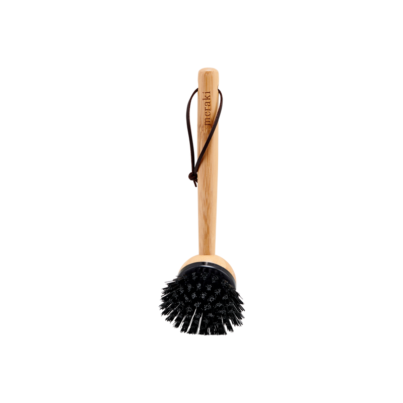 This dish brush from Meraki is the perfect companion for your dish soap. It is made from bamboo and is finished in its natural color that allows the wood grain to show through. The handle provides a comfortable grip, while the brush itself is replaceable to extend the longevity of the dish brush. When you're done using the dish brush, simply hang it on a hook thanks to the loop.
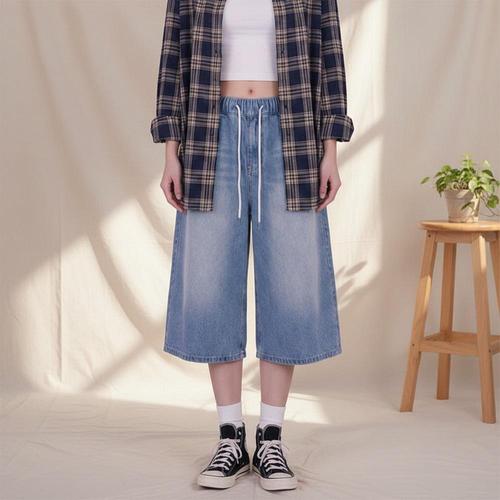 [옷자락] 남녀용 봄여름 샌드워싱 밴딩 버뮤다 데님팬츠
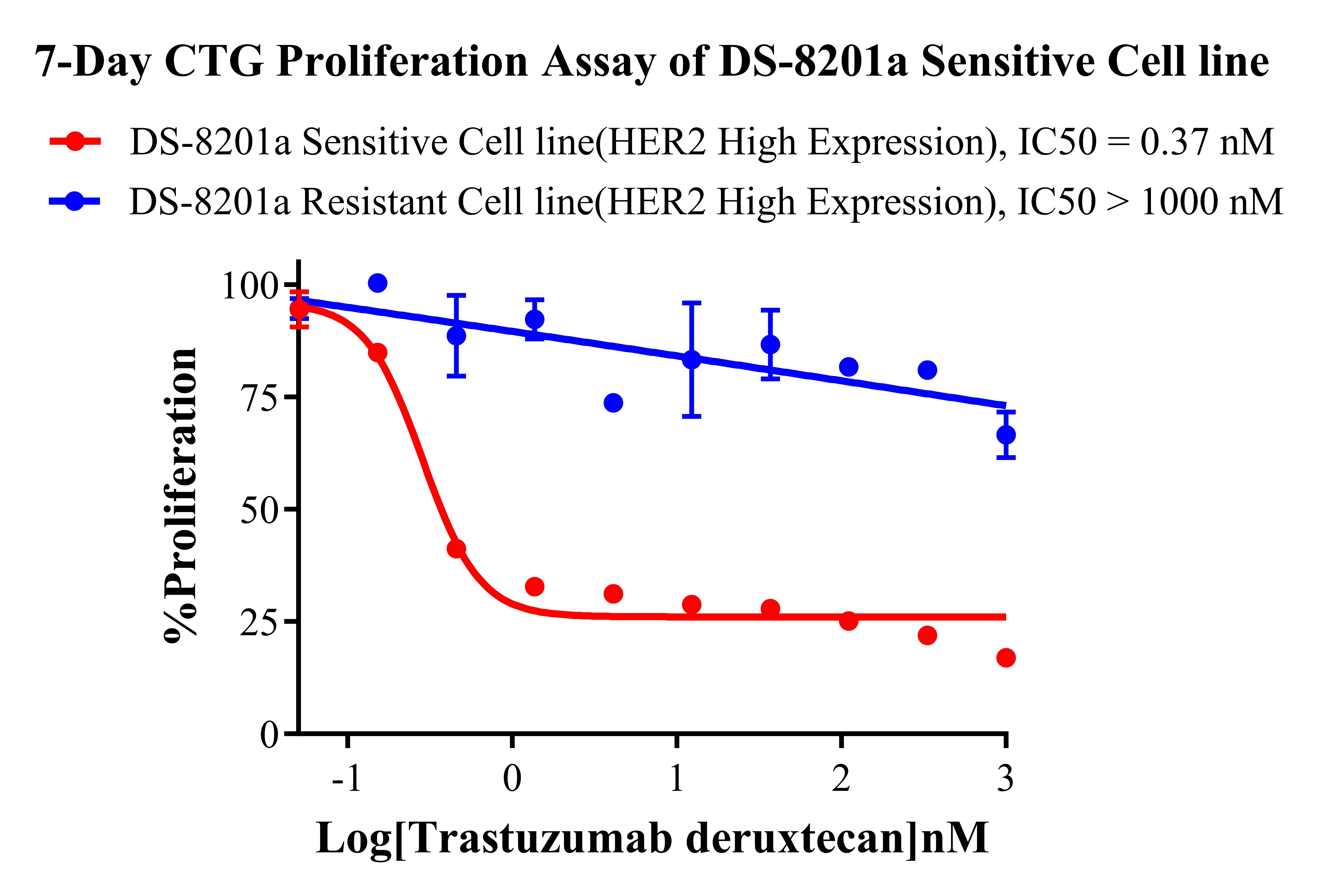 Figure 2. 7-Day CTG Proliferation Assay of DS-8201a Sensitive Cell line. |
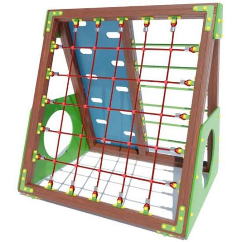 Гімнастичний комплекс “Павучок” DIO692 складається з безлічі шведської стінки, канатної лазалки, лазалки для скелелазіння, гімнастичних кілець та каната.
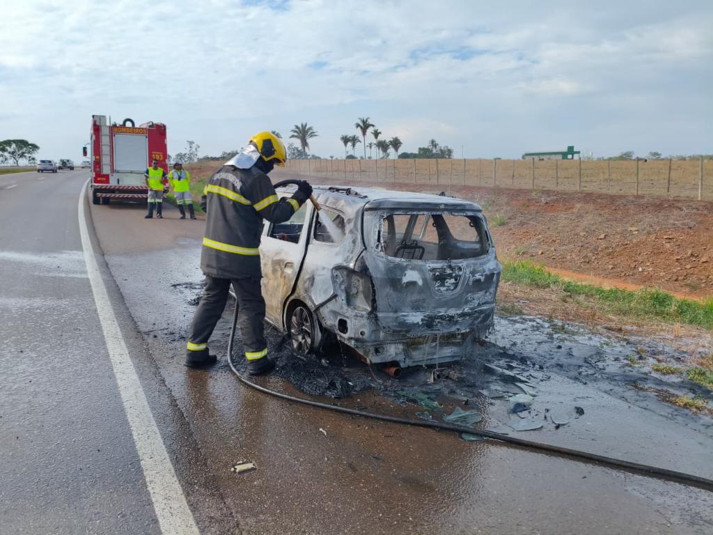 Corpo de Bombeiros combate incêndio em carro de passeio na BR-364

----------

* What you will do: Extract only the lines from the one that contains "Figure 2. 7-Day" through the end of the records, inclusive, and omit every picture.

* Task answer:
 Figure 2. 7-Day CTG Proliferation Assay of DS-8201a Sensitive Cell line. |
 Гімнастичний комплекс “Павучок” DIO692 складається з безлічі шведської стінки, канатної лазалки, лазалки для скелелазіння, гімнастичних кілець та каната.
 Corpo de Bombeiros combate incêndio em carro de passeio na BR-364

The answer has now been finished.